NOTICE OF EXTRAORDINARY GENERAL MEETING

NOTICE IS HEREBY GIVEN THAT an Extraordinary General Meeting ("EGM") of Arka Berhad ("Arka" or the "Company") will be held at Dewan Bungaraya, Level 2, WP Hotel, 362, Jalan Tuanku Abdul Rahman, 50100 Kuala Lumpur, on Monday, 22 June 2026 at 10:45 a.m. or immediately following the conclusion or adjournment of the Forty Eighth (48th) Annual General Meeting of the Company scheduled to be held on the same day at 10.00 a.m., whichever is later, for the purpose of considering and, if thought fit, passing with or without modifications, the following resolutions:

ORDINARY RESOLUTION

PROPOSED DISPOSAL BY ARKA BERHAD ("ARKA" OR THE "COMPANY") OF 800,000 ORDINARY SHARES REPRESENTING THE 40% EQUITY INTEREST IN ENFRASYS SOLUTIONS SDN BHD TO JOY JEWEL SDN BHD FOR A DISPOSAL CONSIDERATION OF RM43.0 MILLION TO BE SATISFIED ENTIRELY VIA CASH ("PROPOSED DISPOSAL")

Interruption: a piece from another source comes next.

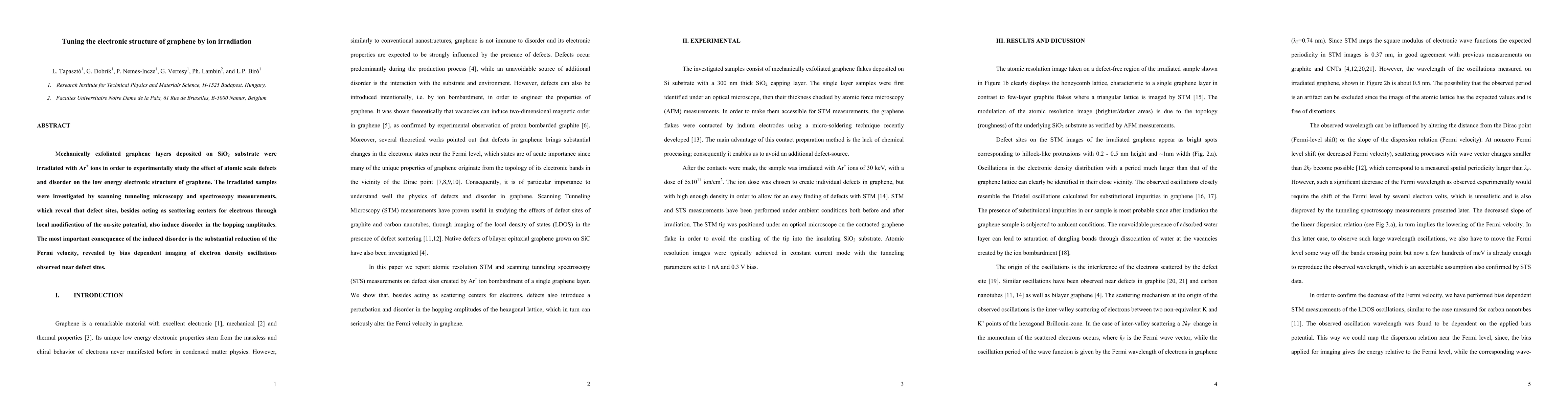 Mechanically exfoliated graphene layers deposited on SiO2 substrate were irradiated with Ar+ ions in order to experimentally study the effect of atomic scale defects and disorder on the low-energy electronic structure of graphene. The irradiated samples were investigated by scanning tunneling microscopy and spectroscopy measurements, which reveal that defect sites, besides acting as scattering centers for electrons through local modification of the on-site potential, also induce disorder in the hopping amplitudes. The most important consequence of the induced disorder is the substantial reduction in the Fermi velocity, revealed by bias-dependent imaging of electron-density oscillations observed near defect sites.

"THAT, subject to all relevant approvals of all authorities and/or other parties (if required) being obtained in respect of the Proposed Disposal, approval be and is hereby granted to the Company to dispose Enfrasys Solutions Sdn Bhd for a cash consideration of RM43.0 million, subject to and upon such terms and conditions as set out in the share purchase agreement dated 9 April 2026 entered into between Arka with Joy Jewel Sdn Bhd in relation to the Proposed Disposal ("SPA").

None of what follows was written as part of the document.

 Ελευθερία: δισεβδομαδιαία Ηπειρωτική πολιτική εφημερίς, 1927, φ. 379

AND THAT approval be and is hereby given to the Board to give full effect to the Proposed Disposal with full powers and authority to approve, agree and assent to any conditions, variations, revaluations, modifications, and/or amendments in any manner as may be required/ permitted by the relevant regulatory authorities or deemed necessary by the Board, to deal with matters, incidental, ancillary to and/or relating thereto and take all steps and do all acts and to execute or enter into all such agreements, arrangements, undertakings, indemnities, transfers, extensions, assignments, deeds, confirmations, declarations and/or guarantees, with any party or parties, to deliver or cause to be delivered all such documents and to do all such acts and matters as the Board may consider necessary to implement, finalise and give full effect to and complete the Proposed Disposal."

BY ORDER OF THE BOARD

YEOW SZE MIN (MAICSA 7065735) (SSM PC NO. 201908003120)

POH MING YI (LS 0010863) (SSM PC NO. 202408000861)

Company Secretaries

Kuala Lumpur

29 May 2026

Notes:

(1) A member of the Company entitled to attend and vote is entitled to appoint one (1) or more persons as his proxy to exercise all or any of his rights to attend, participate, speak and vote in his stead.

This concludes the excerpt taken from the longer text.